Sensitivity Analysis
The robustness of pooled results of OS in EC patients was assessed through sensitivity analysis in our study. We found that the integrated HRs for OS did not change significantly, revealing the robustness of the pooled results. The result was shown in Figure 4. Because few eligible studies were reported for RFS or post-operative complications in EC patients, we did not perform the sensitivity analysis for RFS and post-operative complications in this analysis.
Publication Bias
The Begg's funnel test and Egger's test were applied to assess the publication bias for OS in EC patients. The funnel plot of the Begg's test showed an asymmetry of the result, and a significant publication bias was also shown in the Egger's test (p < 0.05). Subsequently, we used trim-and-fill method to assess the effect of publication bias on the reliability of the integrated HRs for OS (Figure 5). The results showed no trimming was performed for the data, indicating that the publication bias did not essentially affect the reliability of the integrated HRs for OS. As for the correlation between PNI and RFS or post-operative complications, the publication bias was not performed in this meta-analysis because <10 eligible studies were reported.
Discussion
Totally, 13 studies were considered into our meta-analysis. The pooled results demonstrated that EC patients with low PNI value tend to have worse survival (OS) and a high risk of cancer recurrence rate.

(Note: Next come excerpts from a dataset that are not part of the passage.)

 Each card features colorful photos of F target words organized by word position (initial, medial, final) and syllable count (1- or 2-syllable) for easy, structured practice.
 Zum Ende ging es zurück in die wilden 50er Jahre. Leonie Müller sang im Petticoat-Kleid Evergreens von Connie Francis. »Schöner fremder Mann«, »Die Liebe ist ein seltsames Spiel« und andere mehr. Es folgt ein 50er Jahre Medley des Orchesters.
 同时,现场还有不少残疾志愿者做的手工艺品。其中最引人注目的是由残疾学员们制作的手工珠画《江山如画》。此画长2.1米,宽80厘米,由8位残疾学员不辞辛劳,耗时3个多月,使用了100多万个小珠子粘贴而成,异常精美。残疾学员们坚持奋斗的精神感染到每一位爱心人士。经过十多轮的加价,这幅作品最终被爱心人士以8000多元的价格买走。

Certain reports have suggested that preoperative PNI is associated with survival after surgery in patients with gastric (39) and colorectal cancer (40).
In general, our results indicated that patients with poor PNI value would have a high risk of post-operation complications which would shorten the OS time of the cancer patients. Moreover, poor nutritional and immune status could make cancer patients unable to tolerate post-operative adjuvant therapy (41). As a consequence, patients abandon post-operative adjuvant therapy, which shorten the survival time and make patients have a poor quality of life. Additionally, Nozoe et al. (27) reported that low PNI also contributed to the tumor progression.
Recently, many researchers have conducted a lot of correlative clinical researches, but so far there are still no comprehensive results. We systematically searched the databases, and then we conducted a comprehensive analysis of the results. Taken together, our pooled results demonstrated that poor PNI value is a high risk for worse prognosis in EC patients after surgery. Our meta-analysis suggested that nutritional status can be assessed by PNI, and if necessary, nutritional support treatment should be actively given before surgery.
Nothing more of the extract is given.